Stage 1: Mixing two water samples:

Let $T_f$ be the final temperature.

$m_1 c_w (T_1 - T_f) = m_2 c_w (T_f - T_2) + C_{\text{cal}}(T_f - T_2)$

$0.3 \times 4200 \times (80 - T_f) = 0.2 \times 4200 \times (T_f - 20) + 50(T_f - 20)$

$1260(80 - T_f) = 840(T_f - 20) + 50(T_f - 20)$

$100800 - 1260T_f = 890T_f - 17800$

$100800 + 17800 = 890T_f + 1260T_f$

$118600 = 2150T_f$

$T_f = 55.16°\text{C}$

Stage 2: Adding aluminium block:

Let $T_{f2}$ be the new equilibrium temperature.

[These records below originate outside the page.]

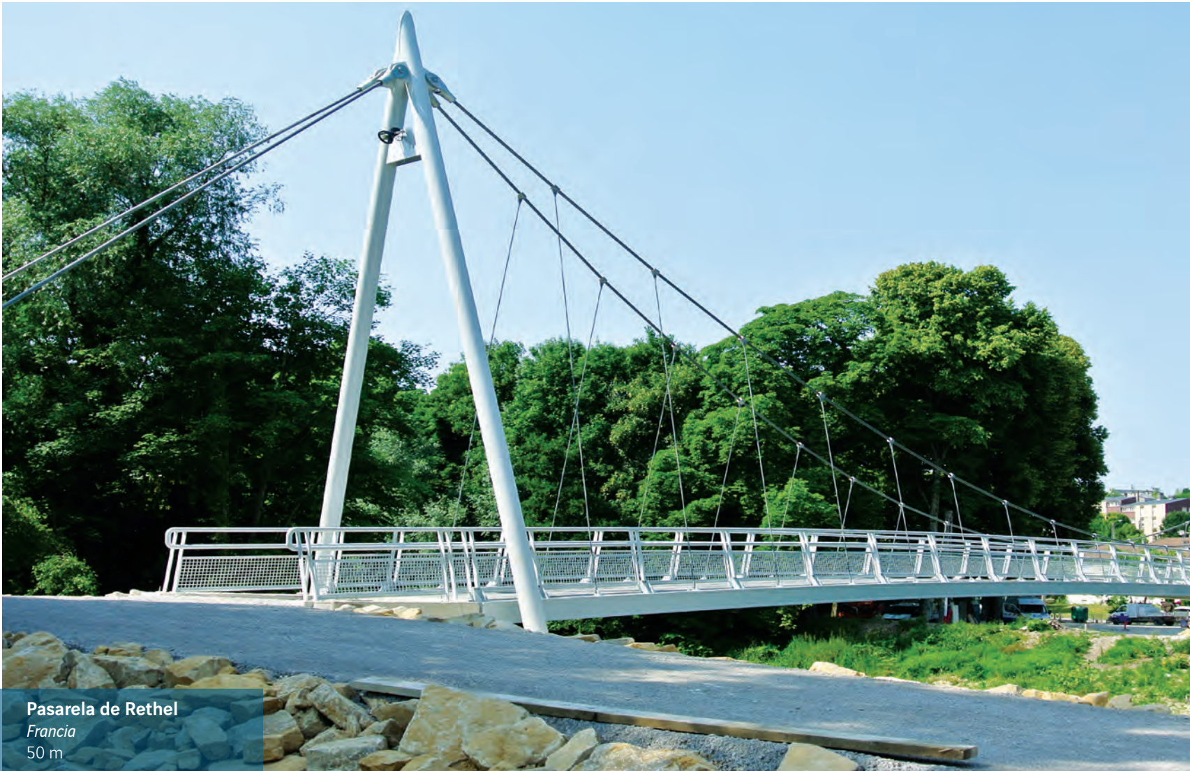
Pasarela de Rethel Francia 50 m
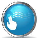
TẠO BỀ MẶT NHẼ MỊN
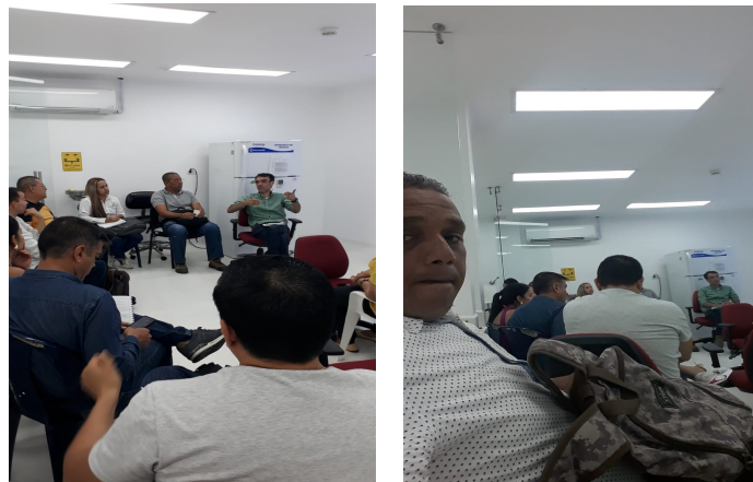
Figura No1.

Asistí a la socialización de los requerimientos técnicos para cumplimiento de las plazas de mercado de la ciudad de Cali, en Secretaria Distrital de Salud – sala de riesgos de análisis en salud Calle 4B # 36-00 Barrio San Fernando.
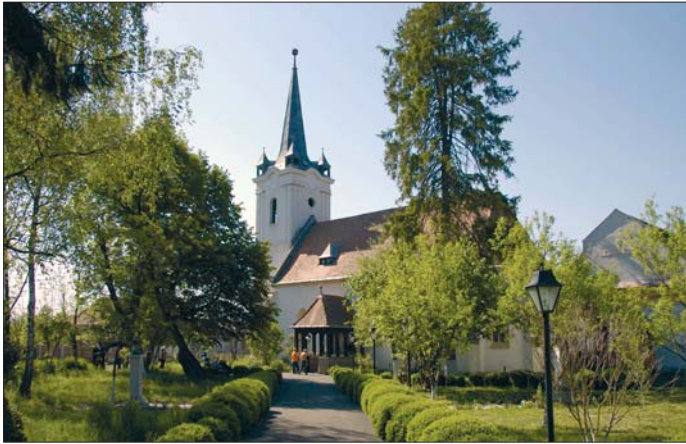
A gernyeszegi református templom. Itt van eltemetve Teleki Mihály, I. Apafi Mihály erdélyi fejedelem kancellárja
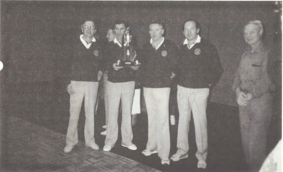
Veseli Planičarji z lepo trofejo.
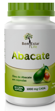
Óleo de abacate
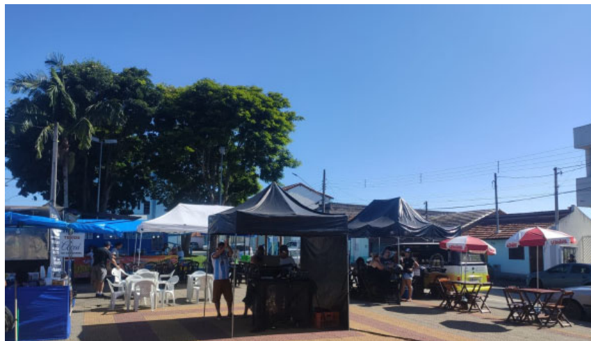
Expectativa da Prefeitura Municipal de Salesópolis é atrair cerca de mil pessoas à Praça Antônio Souza Prado, no Distrito Nossa Senhora do Remédio

Com o intuito de valorizar as Bandas de Rock da Estância Turística de Salesópolis, a prefeitura municipal, comandada pelo prefeito Vanderlon Oliveira Gomes (PL), instituiu o Festival de Rock da cidade que está em sua segunda edição. Neste sábado, dia 30 de novembro, acontecerá o evento no Distrito Nossa Senhora do Remédio, na Praça Antônio Souza Prado, com entrada gratuita.

$m_{\text{Al}} c_{\text{Al}} (150 - T_{f2}) = (m_1 + m_2) c_w (T_{f2} - 55.16) + C_{\text{cal}}(T_{f2} - 55.16)$

$0.1 \times 900 \times (150 - T_{f2}) = 0.5 \times 4200 \times (T_{f2} - 55.16) + 50(T_{f2} - 55.16)$

$90(150 - T_{f2}) = 2100(T_{f2} - 55.16) + 50(T_{f2} - 55.16)$

$13500 - 90T_{f2} = 2150T_{f2} - 118594$

$13500 + 118594 = 2150T_{f2} + 90T_{f2}$

$132094 = 2240T_{f2}$

$T_{f2} = 58.97°\text{C}$

Key insight: The calorimeter absorbs some heat, which is often forgotten. Also, when mixing substances, the final temperature must be between the initial temperatures of all components. If the calculation gives a temperature outside this range, there is an error.